Build a Full-Stack SaaS Dashboard
Build a production-ready SaaS dashboard with authentication, role-based access, charts, and real-time data. The kind of project that gets you hired or funded.
- Planning the dashboard architecture
- Authentication and project setup
- API routes and seed data
- Dashboard UI with charts and KPIs
- Role-based access control
- Deployment and production configuration
- Real-time updates with Server-Sent Events
- Performance optimization
- Data export and reporting
- Iteration and continuous improvement
Planning the dashboard architecture
A SaaS dashboard is the nerve center of a software business. It is where users see their data, manage their account, and get value from your product. Building one teaches you every major web development concept: authentication, authorization, data modeling, API design, state management, and deployment. We will build a project analytics dashboard — imagine a simplified version of Vercel's or Stripe's dashboard. Users sign up, connect their projects, and see metrics like page views, API calls, error rates, and uptime. The dashboard has three user roles: viewer who can see data, editor who can modify settings, and admin who can manage team members. Start by planning the data model. Ask Claude Code: Help me design a database schema for a SaaS analytics dashboard. I need users with roles, organizations that users belong to, projects within organizations, and metrics data including page views, API calls, and errors with timestamps. Use PostgreSQL-compatible types and show the schema as SQL CREATE TABLE statements. Claude Code will produce a relational schema with proper foreign keys, indexes, and constraints. Review the schema before proceeding — the data model is the foundation everything else builds on. A bad schema creates problems that are expensive to fix later. Check that every table has a primary key, relationships use foreign keys, frequently queried columns have indexes, and timestamp columns use timezone-aware types.

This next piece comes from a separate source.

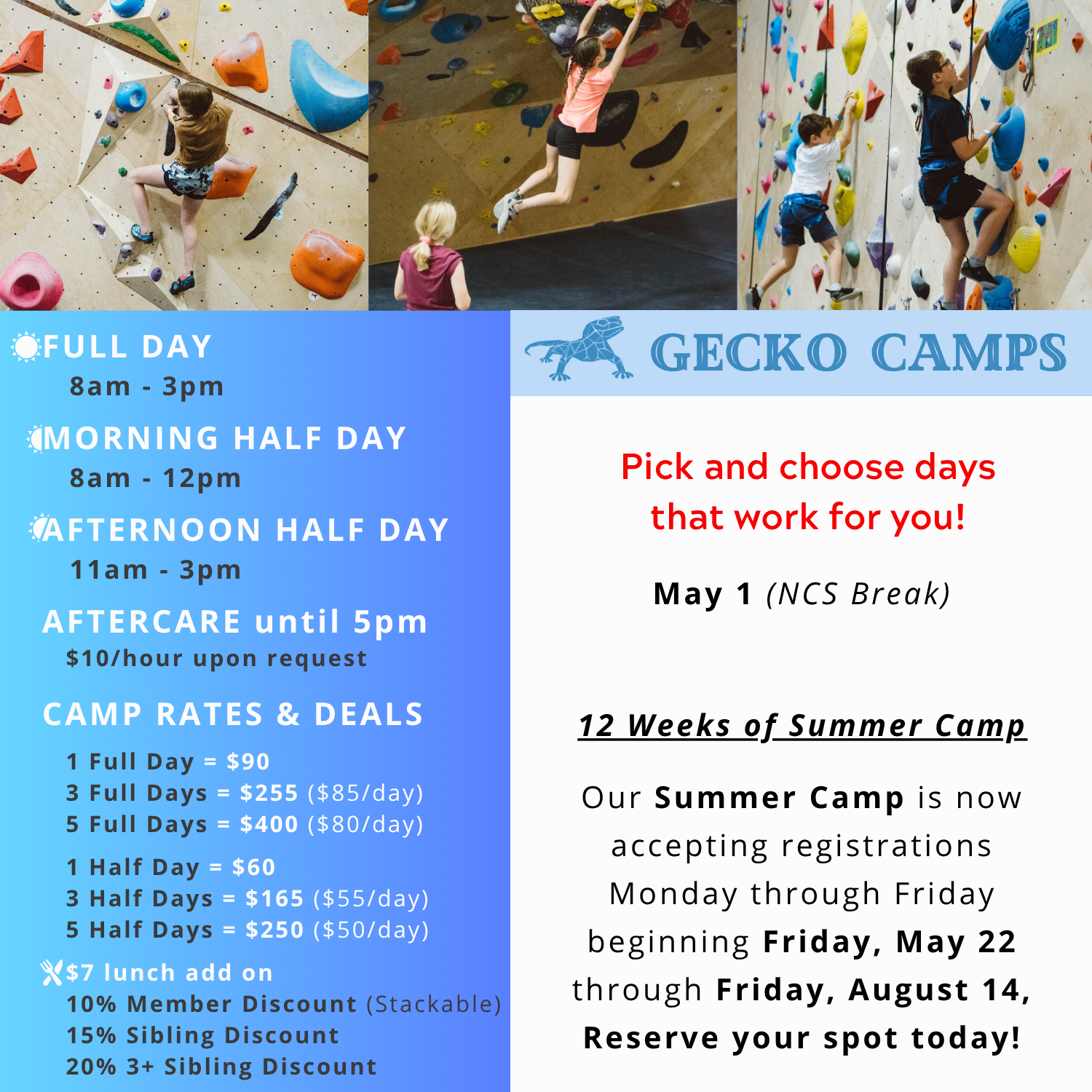 If you have any additional questions please let us know. We are excited to share Gecko Climbing Camps with you all!!
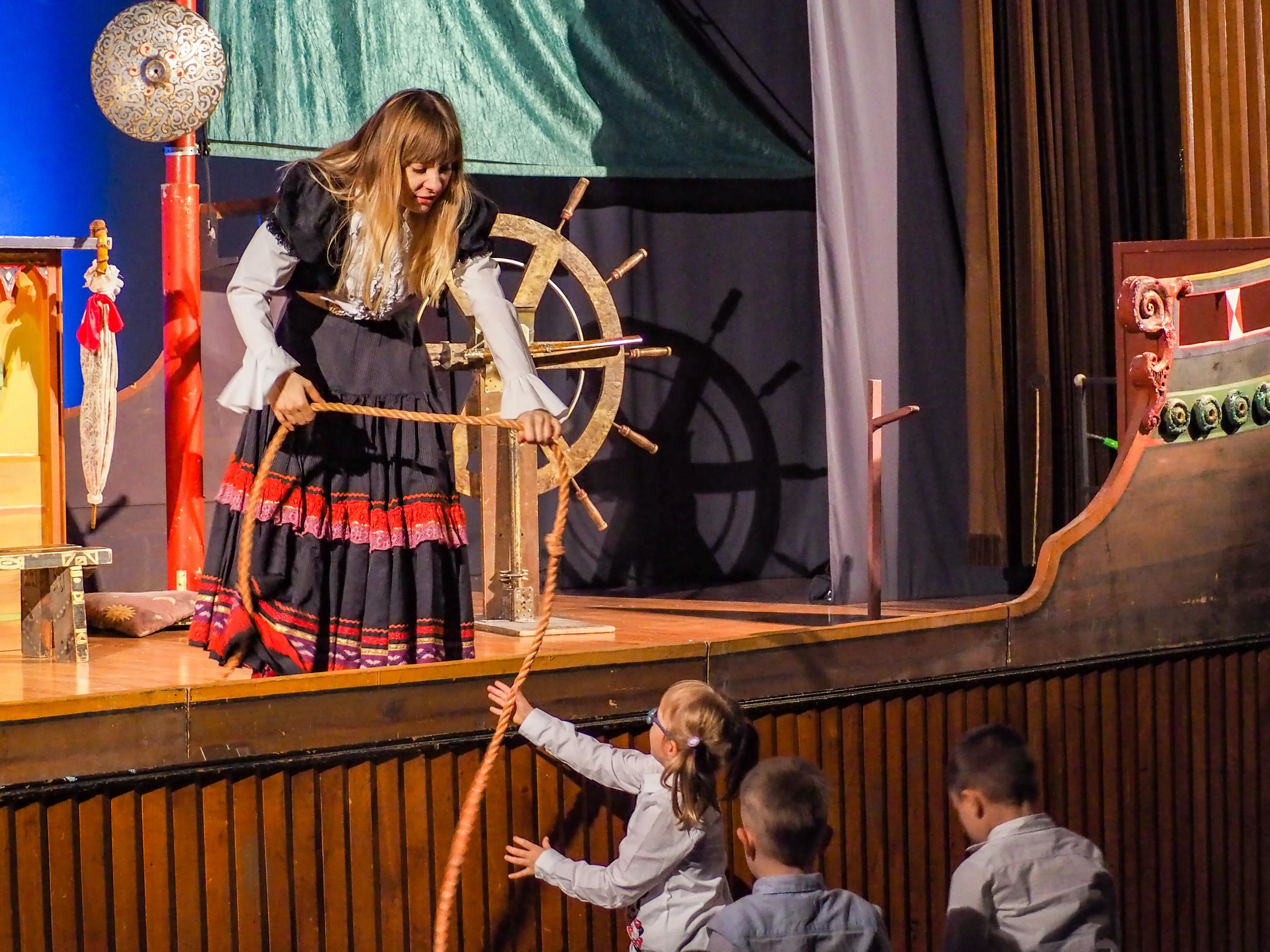 - interaktywny spektakl z udziałem publiczności (wspólne zadania, okrzyki pirackie, morskie wyzwania),

Authentication and project setup
Create the project: `mkdir ~/projects/saas-dashboard && cd ~/projects/saas-dashboard && git init && claude`. Tell Claude Code: Create a Next.js 14 App Router project with TypeScript, Tailwind CSS, and the following: NextAuth.js for authentication with GitHub and email providers, Prisma ORM with PostgreSQL, and a dashboard layout with a sidebar navigation. Set up the Prisma schema based on the data model we designed. Create a login page, a registration page, and a protected dashboard route that requires authentication. Claude Code will scaffold a professional project structure. For the database, use a free PostgreSQL instance from Neon at neon.tech or Supabase at supabase.com. Both offer generous free tiers. Copy the connection string and add it to .env as DATABASE_URL. Run the Prisma commands: `npx prisma db push` creates the database tables from your schema. `npx prisma generate` generates the TypeScript client for type-safe database queries. `npx prisma studio` opens a visual database editor in your browser for inspecting data during development. Test authentication by running `npm run dev`, navigating to the login page, and signing in with GitHub. You will need to create a GitHub OAuth app in your GitHub developer settings — tell Claude Code to walk you through this process. After signing in, you should be redirected to the dashboard. Check the database with Prisma Studio and verify your user record was created.
API routes and seed data
The dashboard needs API routes to fetch and manipulate data. Ask Claude Code: Create API routes for the dashboard including GET /api/projects to list user projects, POST /api/projects to create a new project, GET /api/projects/[id]/metrics to get metrics for a project with date range filtering, and PUT /api/projects/[id]/settings to update project settings. All routes should verify authentication, check that the user has access to the requested project, and return proper error responses with correct HTTP status codes. Use Prisma for all database queries. Claude Code will create route handlers in the App Router convention with authentication checks, input validation, and error handling. Each route follows the same pattern: verify the session exists, validate the input parameters, query the database, and return the response with appropriate status codes. For the metrics endpoint, Claude Code should implement date range filtering using query parameters like from and to dates. Also ask Claude Code to create a seed script: Create a seed script at prisma/seed.ts that generates realistic sample data with 3 projects and 90 days of metrics data. Randomize the page view counts, API call counts, and error counts to look realistic with some daily variation. Add a seed command to package.json. Run `npm run seed` to populate the database. This sample data makes development much more productive because you can see how charts and tables look with real-looking data instead of staring at empty states.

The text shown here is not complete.